## SOURCE INFORMATION
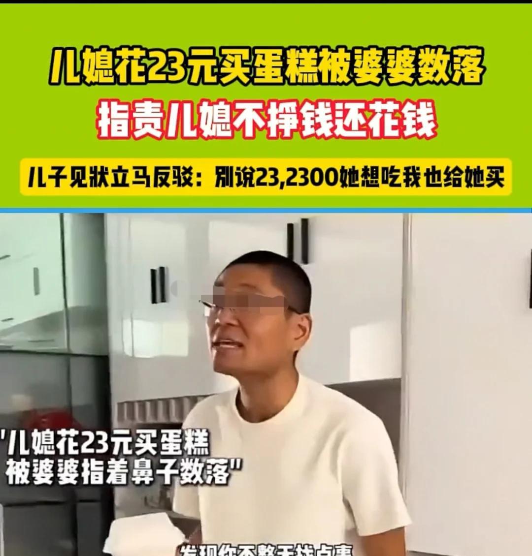 河南,女子买了23元的蛋糕,被婆婆指责不挣钱、只花钱,儿子却反驳道:“别说23元,就是2300元我也给她买。”随后拉着女子到卧室去享用蛋糕了。 据乡村观察7月16日报道,女子平时比较喜欢吃零食,最喜欢的还是甜点,于是她就买了一块23元的小蛋糕,回到家中,本想和大家一起享用。 结果婆婆看到后就不高兴了,脸色阴沉下来,不但不吃蛋糕,反而指责女子,说她只花钱,不知道挣钱。 女子本想和大家一起享用,哪怕是小蛋糕,每人尝两口也能感受到甜甜的心意,谁知道婆婆偏要破坏气氛,不但不吃,还在那里唠叨。 男子看到后有点不高兴了,自己老婆买蛋糕回来犒劳大家,虽然钱不是她挣的,但她把钱花在了大家身上,这有什么问题呢?妈妈应该高兴才是,却在这种时候扫了兴,他实在有点忍受不了。 于是男子直接指责妈妈:“你不吃就算了,干嘛那么多事呢?整天不找点事情出来,你是难受吗?” 妈妈被儿子这么一说,更加不高兴了,她委屈巴巴地说:“我是替你教育她呀,你天天挣钱那么辛苦,她不但不挣钱,还花你的钱,你怎么反倒说我了?” 儿子在妈妈的管教下,从小就过得非常节俭,想吃点什么、喝点什么,妈妈都不给买。所以他下定决心,等自己挣钱了,一定要让自己的孩子、自己的老婆多多享受生活,想吃什么、想喝什么就买。 可是妈妈的思维却没有变,觉得挣了钱就该存起来,不应该浪费,更不应该一天到晚只知道吃喝玩乐,所以才会责怪儿媳妇。 但儿子的想法早已和妈妈不一样了,他想的是,努力工作就是为了让家人过得更好,想吃什么就买什么,没有必要那么节约。挣钱不就是为了享受生活吗?挣钱不就是为了能够快乐吗? 妈妈可不答应,觉得儿子挣的钱就是他们家的,和儿媳妇没有关系,于是说道:“她凭什么用你的钱呀?她凭什么只花不挣呀?我替你教育她,你还不满意了?我就看你天天这样宠着她,到时候把你的老底都用光了!” 男子实在不想听妈妈唠叨了,他从小长到大就一直听着这些话,所以不想委屈自己的儿媳妇。他直接拉着女子到卧室去享用蛋糕,并且告诉妈妈:“不要多事儿,媳妇娶来不是打工的,也不是卖命的,是来好好享受生活的。我们的生活我们自己知道,你不要掺和。” 最后,妈妈还想继续唠叨,可卧室门已经关上了。儿媳妇本想买回来让她也尝两口,结果她没吃成,还扰得大家不开心。 人家夫妇进去甜甜美美吃蛋糕了,她只能在后面张牙舞爪地继续唠叨,不过谁也听不到了——儿子儿媳已经将她“屏蔽”在外。既然她不懂生活,那人家也不愿意和她掺和,各自安好、各自享受生活就好。 网友们看到后,觉得非常解气,纷纷表示“如果自己老公能这样霸气回怼就太好了”。 而男子也说:“别说23元的蛋糕了,就是2300元,我也会给我媳妇买。她是谁呀?她是我最亲近的人,是会陪我到老的人,我就惯着她,我就宠着她。” 一、婆婆指责儿媳“不挣钱、只花钱”,从法律上看是否合法? 《民法典》第一千零六十二条规定,夫妻在婚姻关系存续期间所得财产(如工资、奖金等)属于夫妻共同财产,夫妻对共同财产有平等处理权。 儿媳使用夫妻共同财产购买蛋糕,是合法行使财产处分权。婆婆的指责本身不直接违法,但无权否定儿媳对共同财产的合理使用。家庭中应通过理性沟通处理分歧,而非单方面指责。 二、男子给妻子买蛋糕,法律上有何规定? 《民法典》第一千零六十二条(夫妻共同财产平等处理权)、第一千零六十三条(个人财产范围)。 若用夫妻共同财产购买,属于正常家庭消费,合法合理;若用男子个人财产(如婚前财产)购买,更是其个人财产处置自由,他人无权干涉。丈夫为妻子消费是对家庭财产的正当使用,符合法律规定。 三、若婆婆持续干涉儿子儿媳生活,法律上有什么解决办法? 依据《民法典》关于人格权的相关规定,要求婆婆停止侵害、赔礼道歉等。若情节严重,还可报警处理。 受害者可要求其停止侵害、赔礼道歉;情节严重的,可报警由公安机关依法处罚;若造成精神损害,还可起诉要求赔偿。 对于这件事,大家又是如何看待的呢?#分享城市新鲜事#
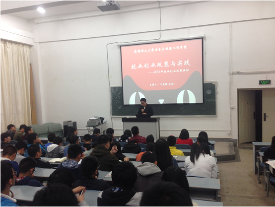 在莲华校区基础楼200举办了“毕业生就业创业政策与实践”主题讲座。本次讲座是学校2015年“就业创业政策讲坛”的重要组成部分,由院学工办主任于志强老师和PG赏金女王校友、创业典型代表谷越主讲,PG赏金女王2016届本科毕业生参加了本次讲座。
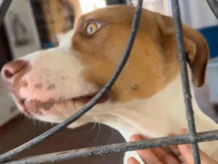 Cão muito lindo de médio porte, raça misturada de Dogo Argentinho (pai) e vira lata (mãe). O motivo da doação é que irei me mudar para um apto muito pequeno, e não tenho com quem deixa. Ele é bem danado, precisa de espaço para gastar a energia, dócil.
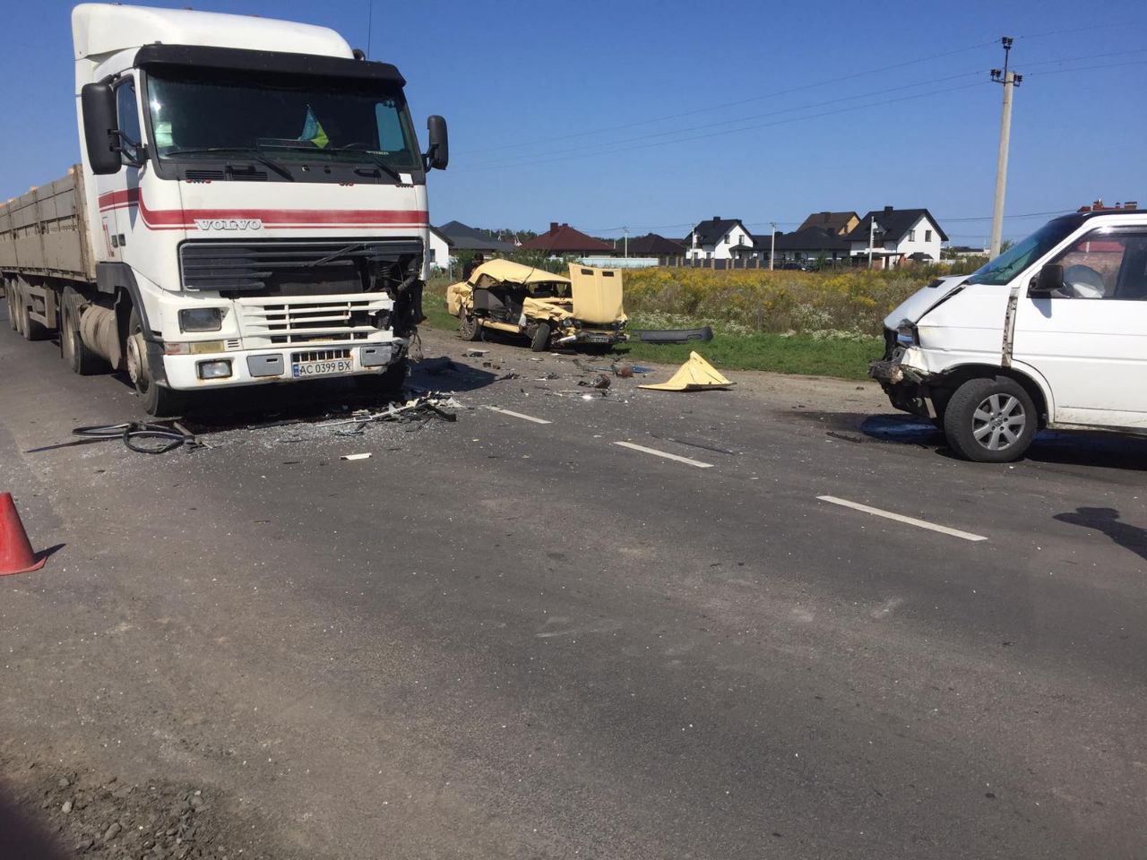 У селі Боратин Луцького району зіткнулися вантажівка, бус і легковик.
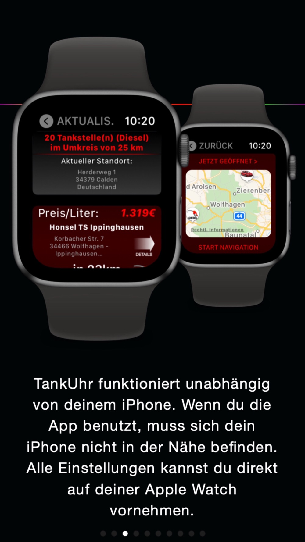 HINWEIS: TankUhr ist eine INDEPENDENT App. Das heißt, dass die App ausschließlich auf deiner Apple Watch lauffähig ist!
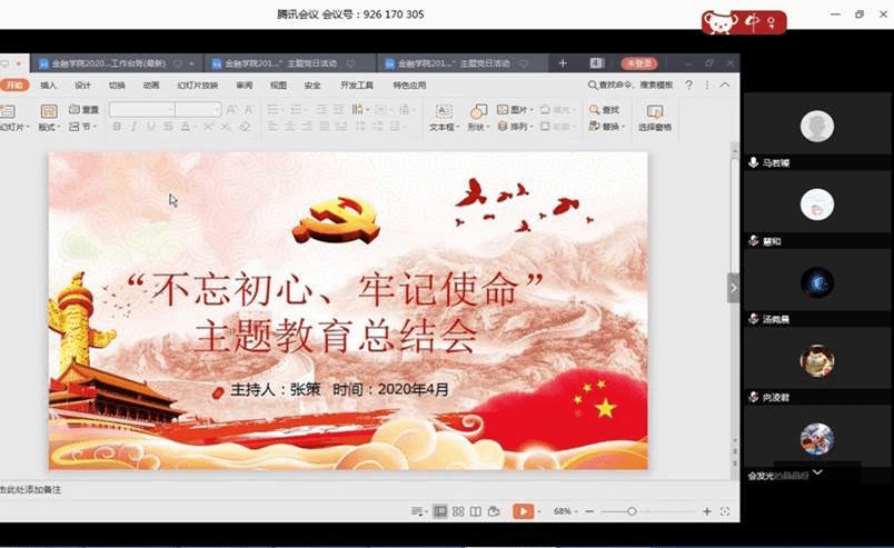 2020年4月14日,350vip浦京集团官网2019级研究生第四党支部利用腾讯会议APP开展了”不忘初心、牢记使命”线上主题教育总结会。根据学校、学院党委“不忘初心、牢记使命”主题教育安排,主题教育开展以来,350vip浦京集团官网2019级研究生第四党支部始终把习近平新时代中国特色社会主义思想作为主线,把“守初心、担使命、找差距、抓整改”作为切入点,贯穿于学习教育、调查研究、检视问题、整改落实的全过程,严格按照学校和学院党委的安排部署要求,认真组织开展“不忘初心、牢记使命”主题教育。

## WORK REQUIRED
With pictures omitted, restate exactly every line from the one containing "HINWEIS: TankUhr ist" through the last line of the material, inclusive.

## ANSWER SPACE
 HINWEIS: TankUhr ist eine INDEPENDENT App. Das heißt, dass die App ausschließlich auf deiner Apple Watch lauffähig ist!
 2020年4月14日,350vip浦京集团官网2019级研究生第四党支部利用腾讯会议APP开展了”不忘初心、牢记使命”线上主题教育总结会。根据学校、学院党委“不忘初心、牢记使命”主题教育安排,主题教育开展以来,350vip浦京集团官网2019级研究生第四党支部始终把习近平新时代中国特色社会主义思想作为主线,把“守初心、担使命、找差距、抓整改”作为切入点,贯穿于学习教育、调查研究、检视问题、整改落实的全过程,严格按照学校和学院党委的安排部署要求,认真组织开展“不忘初心、牢记使命”主题教育。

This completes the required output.